*Exercise instructions*.
Below are records with pictures. Reproduce exactly the lines from the line with "navy shaker cardi" to the line with "Com Tiago Emanuel", inclusive, and leave each picture out.

Stored records:
*****
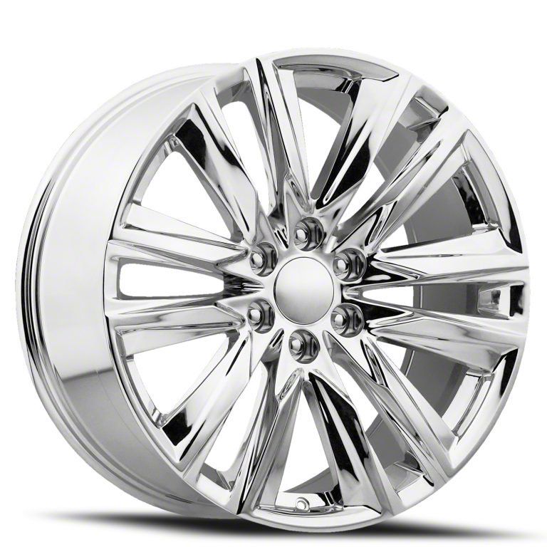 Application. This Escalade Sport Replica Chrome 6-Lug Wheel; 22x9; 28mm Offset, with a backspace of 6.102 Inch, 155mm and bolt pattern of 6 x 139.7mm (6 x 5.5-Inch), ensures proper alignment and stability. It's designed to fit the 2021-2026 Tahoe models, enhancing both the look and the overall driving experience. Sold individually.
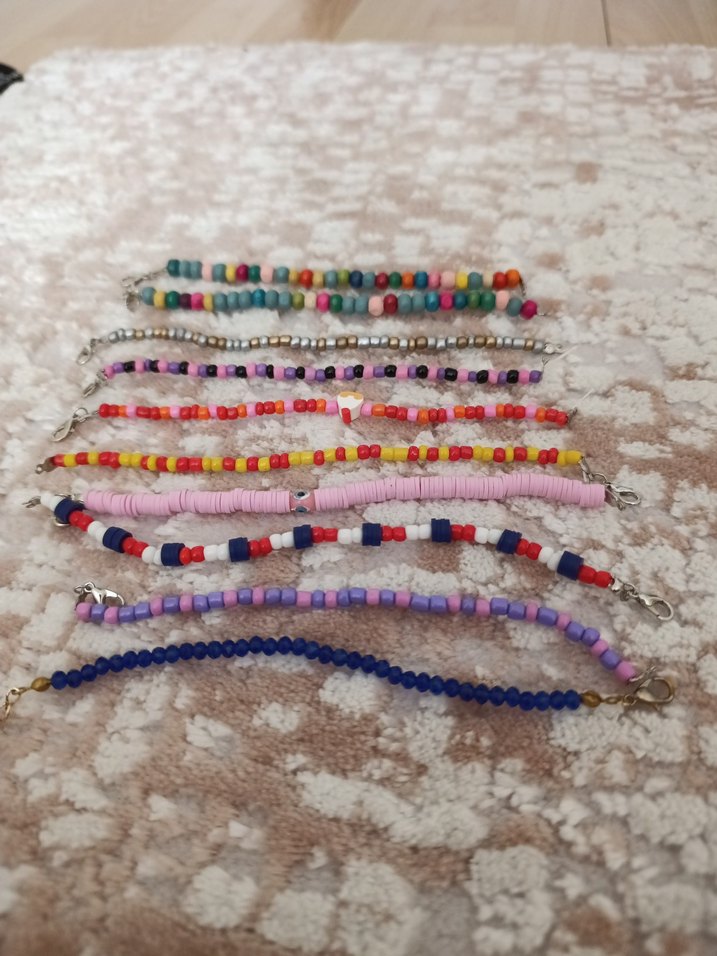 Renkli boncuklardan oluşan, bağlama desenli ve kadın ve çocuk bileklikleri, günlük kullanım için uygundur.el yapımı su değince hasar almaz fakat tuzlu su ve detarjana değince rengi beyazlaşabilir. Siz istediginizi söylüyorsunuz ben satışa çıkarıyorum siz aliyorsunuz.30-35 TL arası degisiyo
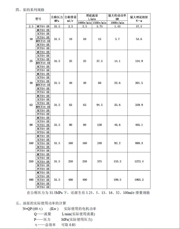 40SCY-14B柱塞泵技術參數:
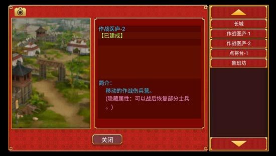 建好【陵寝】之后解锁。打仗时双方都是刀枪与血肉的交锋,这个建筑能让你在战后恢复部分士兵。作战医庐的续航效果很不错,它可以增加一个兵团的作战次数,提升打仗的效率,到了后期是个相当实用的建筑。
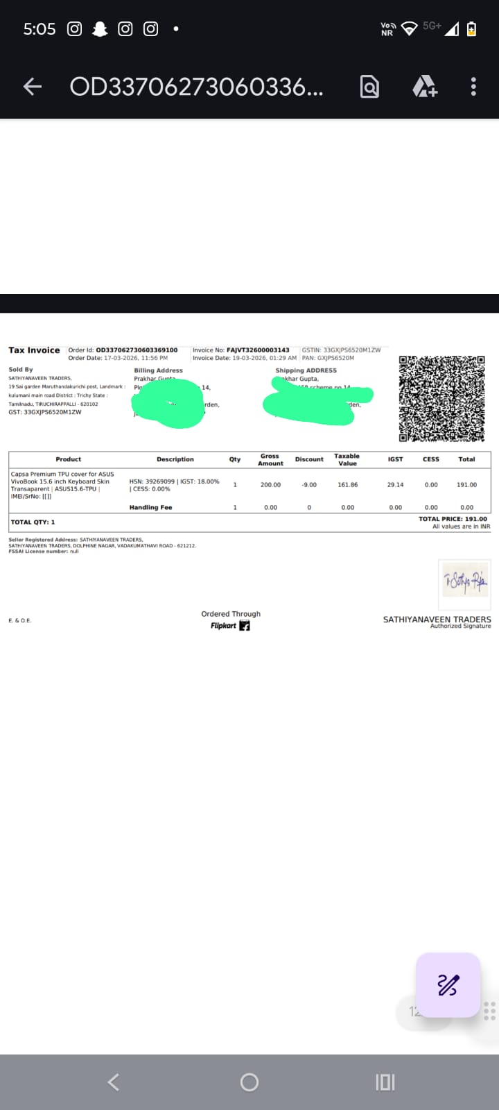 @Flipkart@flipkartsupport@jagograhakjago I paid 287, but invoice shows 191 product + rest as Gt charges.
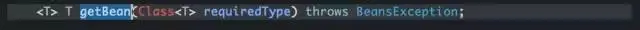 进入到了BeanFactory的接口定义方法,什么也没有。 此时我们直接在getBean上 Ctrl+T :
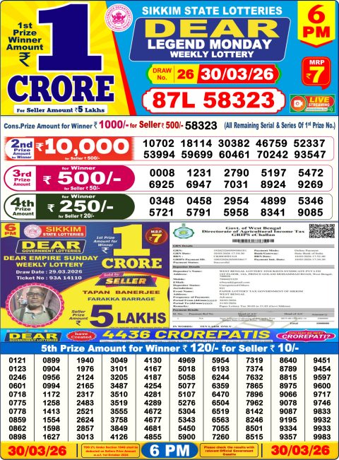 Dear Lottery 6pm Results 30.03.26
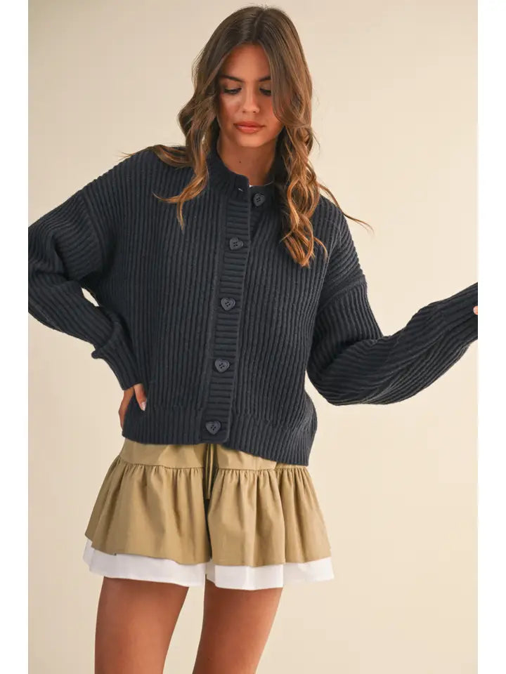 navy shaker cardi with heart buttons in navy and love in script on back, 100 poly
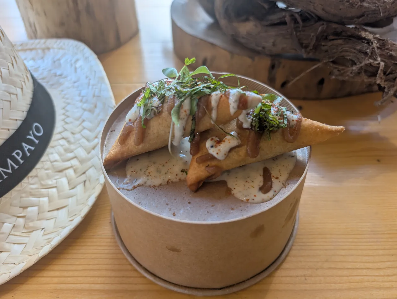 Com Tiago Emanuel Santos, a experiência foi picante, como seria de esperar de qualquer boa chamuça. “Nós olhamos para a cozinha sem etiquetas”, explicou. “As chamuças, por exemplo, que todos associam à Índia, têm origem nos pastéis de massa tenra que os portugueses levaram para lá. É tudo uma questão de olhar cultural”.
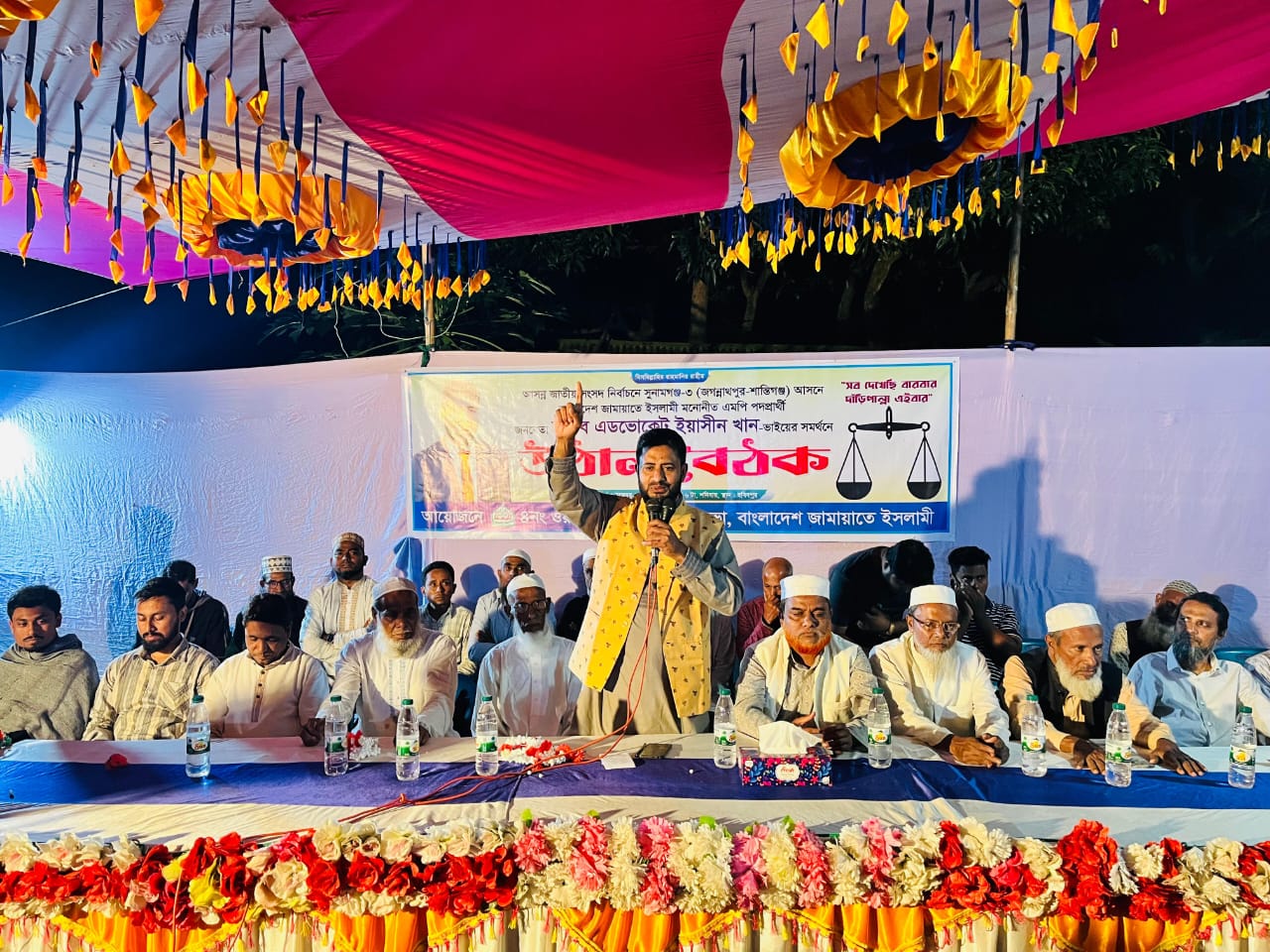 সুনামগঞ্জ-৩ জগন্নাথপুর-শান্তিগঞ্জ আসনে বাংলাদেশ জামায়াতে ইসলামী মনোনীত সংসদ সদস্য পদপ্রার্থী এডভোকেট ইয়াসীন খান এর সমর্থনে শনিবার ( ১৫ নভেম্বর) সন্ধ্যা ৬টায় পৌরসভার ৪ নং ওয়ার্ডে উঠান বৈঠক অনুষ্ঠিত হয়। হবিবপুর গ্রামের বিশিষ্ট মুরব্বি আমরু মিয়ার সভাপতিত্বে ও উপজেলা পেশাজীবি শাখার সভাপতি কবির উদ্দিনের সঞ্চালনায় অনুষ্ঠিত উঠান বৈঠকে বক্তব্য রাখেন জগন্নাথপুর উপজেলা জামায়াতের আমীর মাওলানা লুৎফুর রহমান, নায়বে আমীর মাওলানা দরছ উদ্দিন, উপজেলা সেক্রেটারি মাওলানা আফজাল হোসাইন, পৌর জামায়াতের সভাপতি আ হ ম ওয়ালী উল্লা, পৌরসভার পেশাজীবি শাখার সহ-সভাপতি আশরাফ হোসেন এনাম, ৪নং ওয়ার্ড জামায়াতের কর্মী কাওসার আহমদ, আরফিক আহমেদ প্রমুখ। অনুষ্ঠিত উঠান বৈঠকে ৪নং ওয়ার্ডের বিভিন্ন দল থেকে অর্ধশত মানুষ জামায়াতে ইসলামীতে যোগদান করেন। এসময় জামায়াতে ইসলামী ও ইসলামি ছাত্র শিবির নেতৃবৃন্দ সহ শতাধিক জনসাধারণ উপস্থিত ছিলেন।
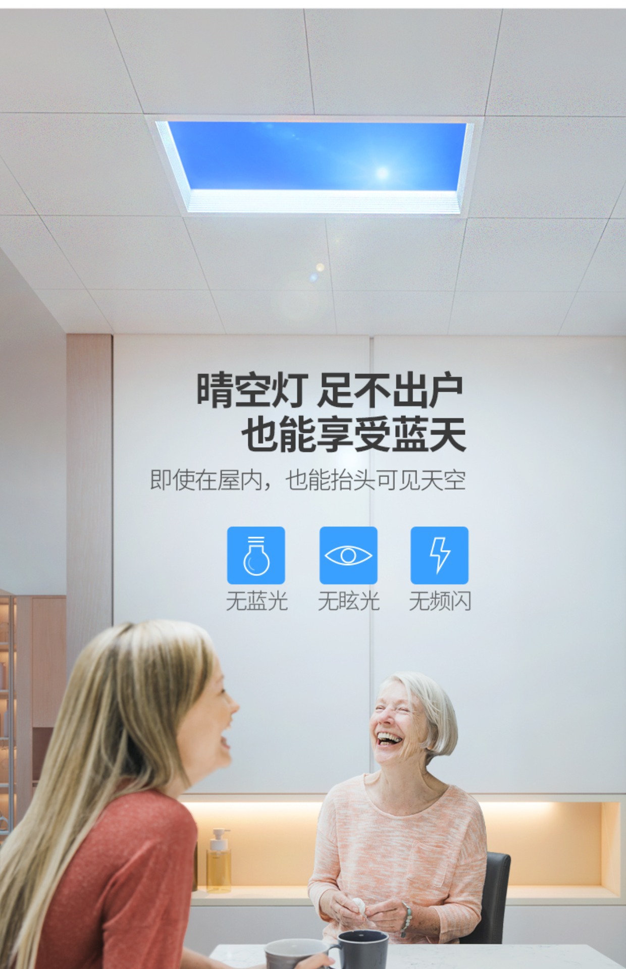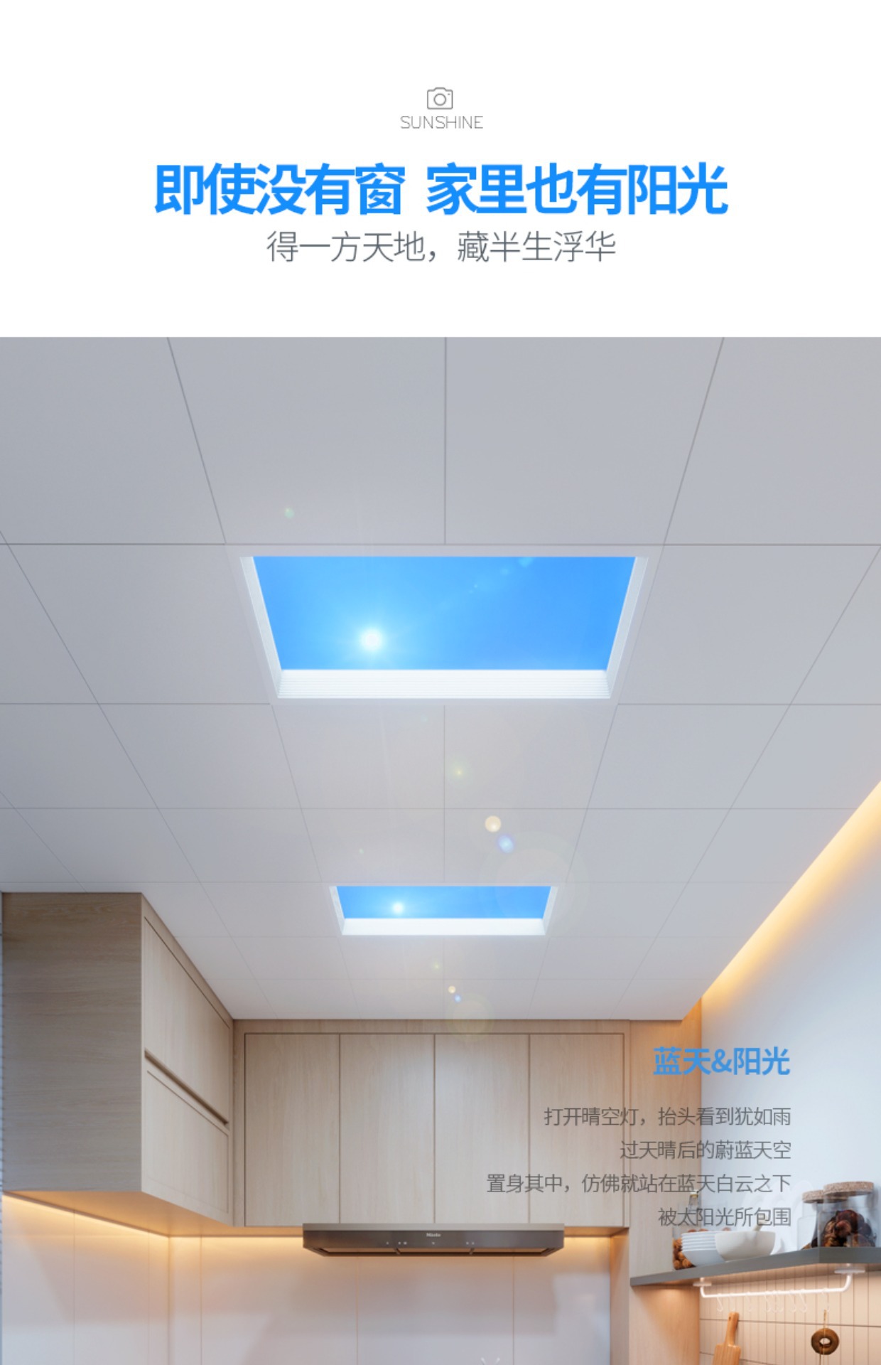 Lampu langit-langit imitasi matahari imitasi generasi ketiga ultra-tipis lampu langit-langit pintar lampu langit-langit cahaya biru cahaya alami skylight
*****
*Solution below*.
 navy shaker cardi with heart buttons in navy and love in script on back, 100 poly
 Com Tiago Emanuel Santos, a experiência foi picante, como seria de esperar de qualquer boa chamuça. “Nós olhamos para a cozinha sem etiquetas”, explicou. “As chamuças, por exemplo, que todos associam à Índia, têm origem nos pastéis de massa tenra que os portugueses levaram para lá. É tudo uma questão de olhar cultural”.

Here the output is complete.